**What to do:** Before you write out the listing, remove the pictures; everything else stays exactly as it is.

**Dataset section:**
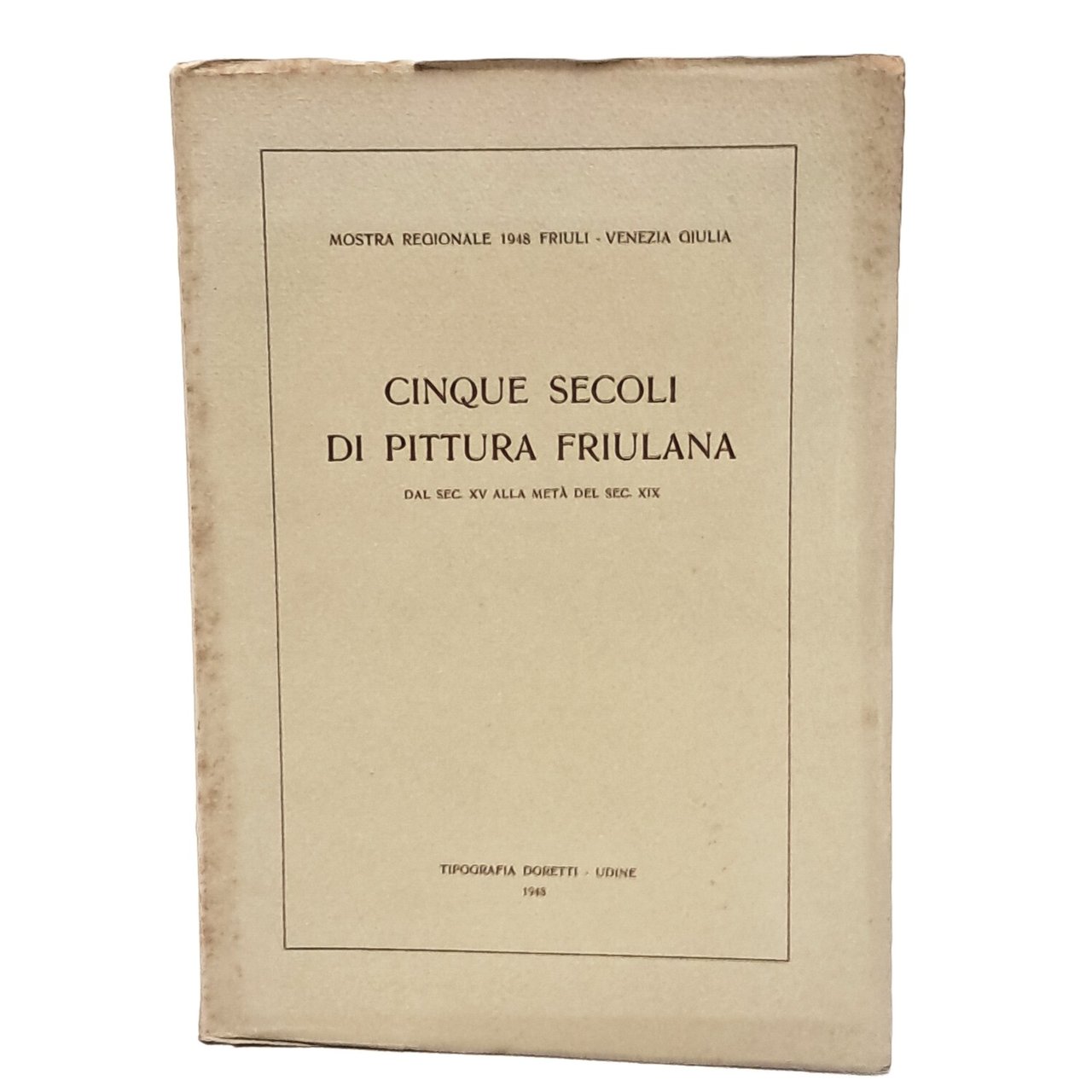 PRIMA EDIZIONE, pubblicazione realizzata in occasione della mostra allestita presso la Loggia del Lionello nell'agosto-settembre 1948 Esposizione realizzata in occasione della Mostra Regionale 1948 con una rassegna di artisti friulani che operarono dai secoli XV sino alla metà del XIX, 44 nomi scelti fra quelli che vennero reputati migliori, ognuno presente con un'opera sola. In bianco e nero. In brossura. Pp. 138. Ottime condizioni.
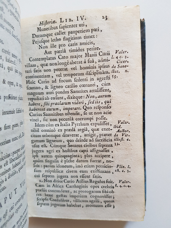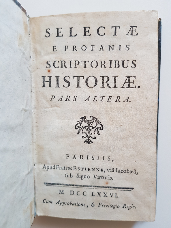 Titre : Selectæ e profanis scriptoribus historiæ. Pars altera Auteur : Anonyme Lieu d’édition : Paris Éditeur : Fratres Estienne (via Jacobæa, sub signo Virtutis) Date d’édition : 1786 Langue : Latin Format : in-12 Reliure : Dos en basane d’époque, plats papier marbré État du livre : Bon état d’usage – frottements et usures aux plats, coins émoussés, coiffes et mors frottés ; papier avec quelques rousseurs éparses, ensemble solide et propre Particularités : Seconde partie seule ; impression pré‑révolutionnaire avec la mention « Cum approbatione, & Privilegio Regis ». Recueil d’extraits historiques et moraux tirés des auteurs latins dits « profanes » ; citations et renvois à Cicéron, Valerius Maximus, Pline, etc.
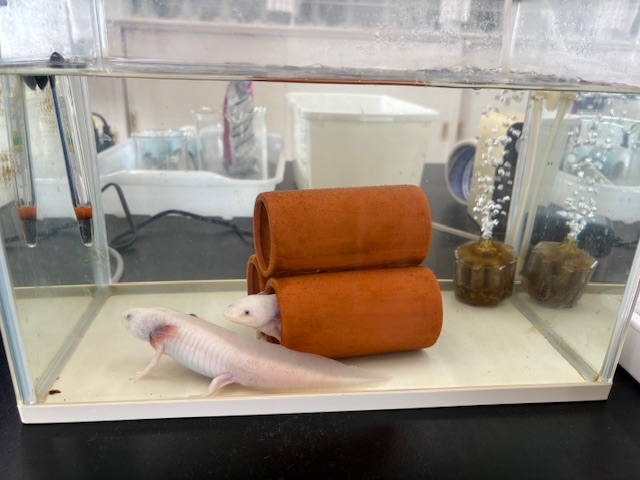 公開日 2025年07月08日 生物部では、ウーパールーパーを飼っています。文化祭の時に見た生徒もいるでしょうか。2日に1回えさをあげているそうです。性格はおっとりしていて攻撃性は低く、寿命は10~15年だそうです。今日も朝から30度近い気温で暑かったですね。

**Finished task:**
 PRIMA EDIZIONE, pubblicazione realizzata in occasione della mostra allestita presso la Loggia del Lionello nell'agosto-settembre 1948 Esposizione realizzata in occasione della Mostra Regionale 1948 con una rassegna di artisti friulani che operarono dai secoli XV sino alla metà del XIX, 44 nomi scelti fra quelli che vennero reputati migliori, ognuno presente con un'opera sola. In bianco e nero. In brossura. Pp. 138. Ottime condizioni.
 Titre : Selectæ e profanis scriptoribus historiæ. Pars altera Auteur : Anonyme Lieu d’édition : Paris Éditeur : Fratres Estienne (via Jacobæa, sub signo Virtutis) Date d’édition : 1786 Langue : Latin Format : in-12 Reliure : Dos en basane d’époque, plats papier marbré État du livre : Bon état d’usage – frottements et usures aux plats, coins émoussés, coiffes et mors frottés ; papier avec quelques rousseurs éparses, ensemble solide et propre Particularités : Seconde partie seule ; impression pré‑révolutionnaire avec la mention « Cum approbatione, & Privilegio Regis ». Recueil d’extraits historiques et moraux tirés des auteurs latins dits « profanes » ; citations et renvois à Cicéron, Valerius Maximus, Pline, etc.
 公開日 2025年07月08日 生物部では、ウーパールーパーを飼っています。文化祭の時に見た生徒もいるでしょうか。2日に1回えさをあげているそうです。性格はおっとりしていて攻撃性は低く、寿命は10~15年だそうです。今日も朝から30度近い気温で暑かったですね。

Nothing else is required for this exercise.